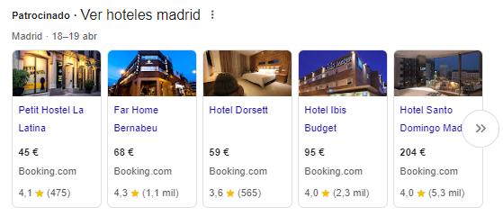 Hotel Ads, es una plataforma de publicidad de pago de Google específicamente diseñada para el sector hotelero, la cual muestra precios dinámicos que varían según la demanda y otros factores. Cuando un viajero realiza la búsqueda de hoteles en Google, la mayoría de las veces los resultados mostrarán en primer lugar los hoteles marcados con la insignia de patrocinados.
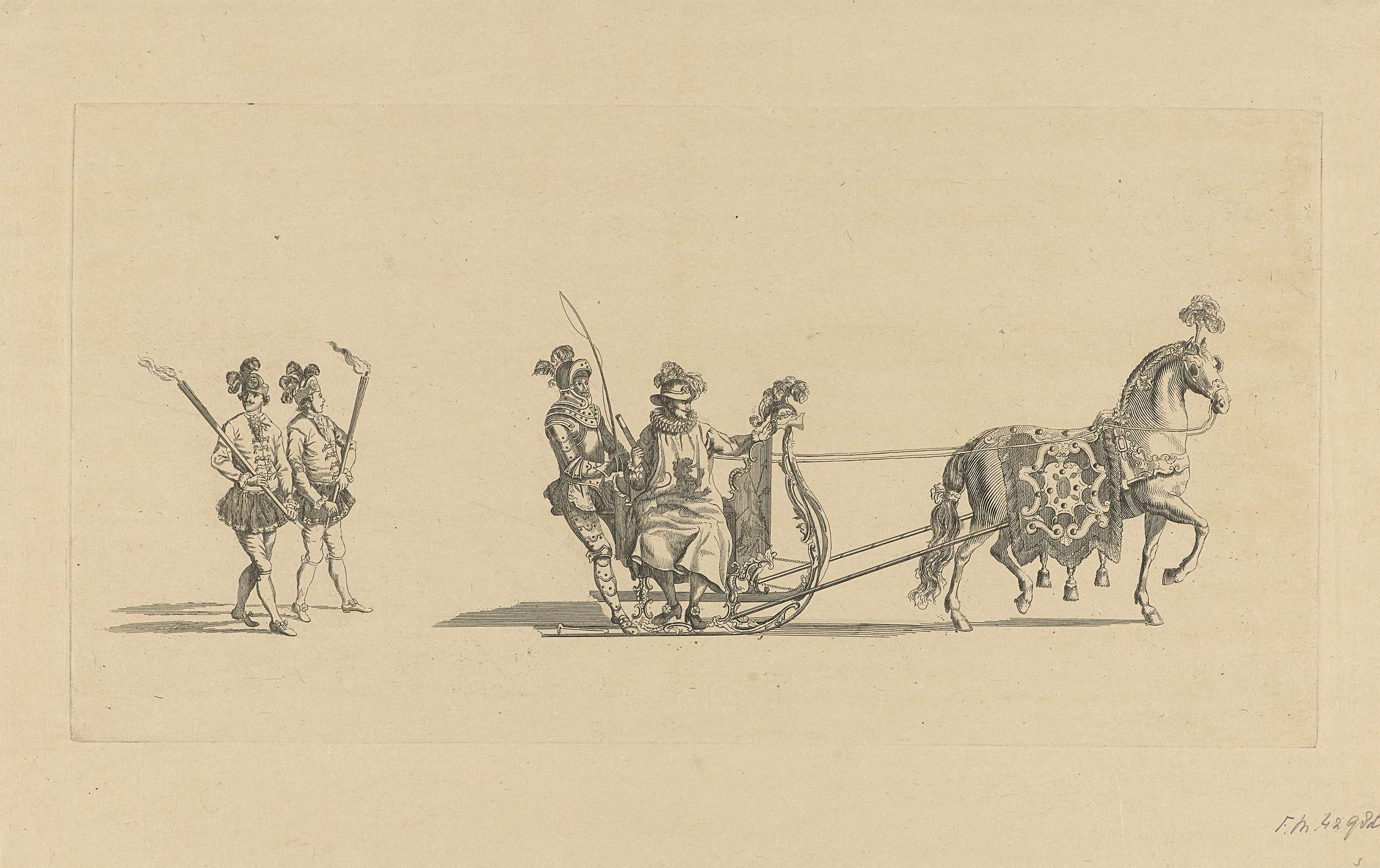 De derde slede in de optocht. Een slede waarin een ridder en een wapenheraut, getrokken door een paard en gevolgd door twee hardlopers met toortsen. Onderdeel van een reeks van twaalf platen (etsdruk vóór het nummer en op ander papier) van de sledevaart op 24 januari 1776 georganiseerd door het Leidse genootschap Veniam Pro Laude ...
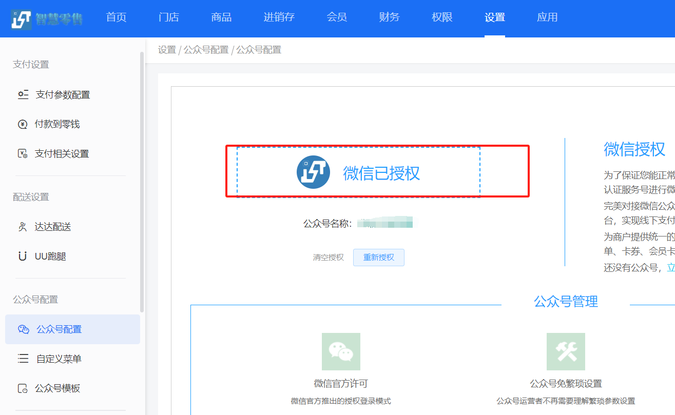 进入公众号配置页面,点击微信授权信息,商户使用公众号进行扫码授权(注:扫码授权的公众号必须是认证过的服务号,想要使用会员卡的前提是必须在商家后台先授权公众号)
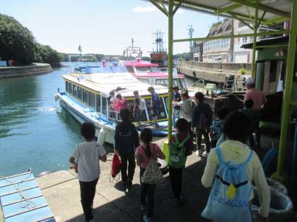 4年生は、賢島港につきました。近鉄賢島駅のすぐそばにある港です。ここから、英虞湾を船で、みさきの家を目指します。
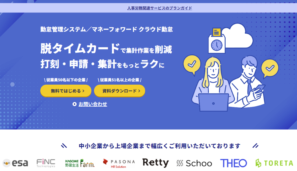 少人数企業から大企業まで、幅広く導入実績を持つ勤怠管理ツールです。プランは3つ用意されており、ニーズに合わせて選択できます。また、就業規則・労使協定設定や36協定設定、年休管理簿などの機能が付いており、他社サービスとの連携も可能です。
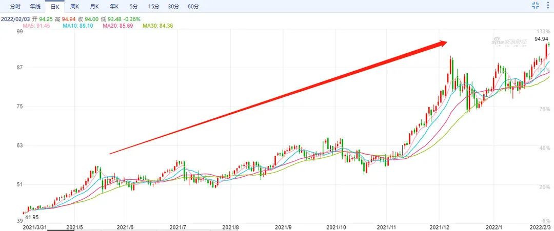 欧洲碳排放期货价格连创历史新高。截至北京时间2月3日17时25分,欧洲碳排放期货价格最高涨至94.94欧元/吨。今年以来,该期货品种涨幅超17%,延续了2021年以来的连续上行趋势。
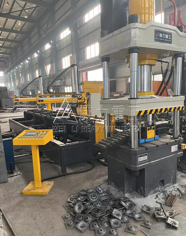 200噸錨桿托盤生產(chǎn)線采用智能化設(shè)備和技術(shù),使得生產(chǎn)過程更加精確和可控。是由磁力機(jī)械手抓取裁剪好的長板條,有自動送料機(jī)完成輸入工作,在由200噸錨桿托盤液壓機(jī)搭配模具,實(shí)現(xiàn)剪切、沖孔、壓型一次完成。此套錨桿托盤生產(chǎn)線很好的解決了最后一塊料的加工難題,避免了人工操作時打來的機(jī)械事故的發(fā)生。采用自動化沖壓機(jī)器進(jìn)行原材料加工和成型,自動機(jī)械化碼垛,消除了人工因素的干擾和誤差,保證了生產(chǎn)出的托盤質(zhì)量穩(wěn)定和一致。同時,還可以采用智能控制系統(tǒng)對生產(chǎn)過程進(jìn)行監(jiān)控和控制,以確保設(shè)備運(yùn)行的安全可靠和生產(chǎn)效率的最大化。
# # # # # # #
• _Goal of the exercise_
Quote precisely the lines of the data from the line containing "进入公众号配置页面,点击微信" through its final line, both included, excluding pictures.

• _Result of this exercise_
 进入公众号配置页面,点击微信授权信息,商户使用公众号进行扫码授权(注:扫码授权的公众号必须是认证过的服务号,想要使用会员卡的前提是必须在商家后台先授权公众号)
 4年生は、賢島港につきました。近鉄賢島駅のすぐそばにある港です。ここから、英虞湾を船で、みさきの家を目指します。
 少人数企業から大企業まで、幅広く導入実績を持つ勤怠管理ツールです。プランは3つ用意されており、ニーズに合わせて選択できます。また、就業規則・労使協定設定や36協定設定、年休管理簿などの機能が付いており、他社サービスとの連携も可能です。
 欧洲碳排放期货价格连创历史新高。截至北京时间2月3日17时25分,欧洲碳排放期货价格最高涨至94.94欧元/吨。今年以来,该期货品种涨幅超17%,延续了2021年以来的连续上行趋势。
 200噸錨桿托盤生產(chǎn)線采用智能化設(shè)備和技術(shù),使得生產(chǎn)過程更加精確和可控。是由磁力機(jī)械手抓取裁剪好的長板條,有自動送料機(jī)完成輸入工作,在由200噸錨桿托盤液壓機(jī)搭配模具,實(shí)現(xiàn)剪切、沖孔、壓型一次完成。此套錨桿托盤生產(chǎn)線很好的解決了最后一塊料的加工難題,避免了人工操作時打來的機(jī)械事故的發(fā)生。采用自動化沖壓機(jī)器進(jìn)行原材料加工和成型,自動機(jī)械化碼垛,消除了人工因素的干擾和誤差,保證了生產(chǎn)出的托盤質(zhì)量穩(wěn)定和一致。同時,還可以采用智能控制系統(tǒng)對生產(chǎn)過程進(jìn)行監(jiān)控和控制,以確保設(shè)備運(yùn)行的安全可靠和生產(chǎn)效率的最大化。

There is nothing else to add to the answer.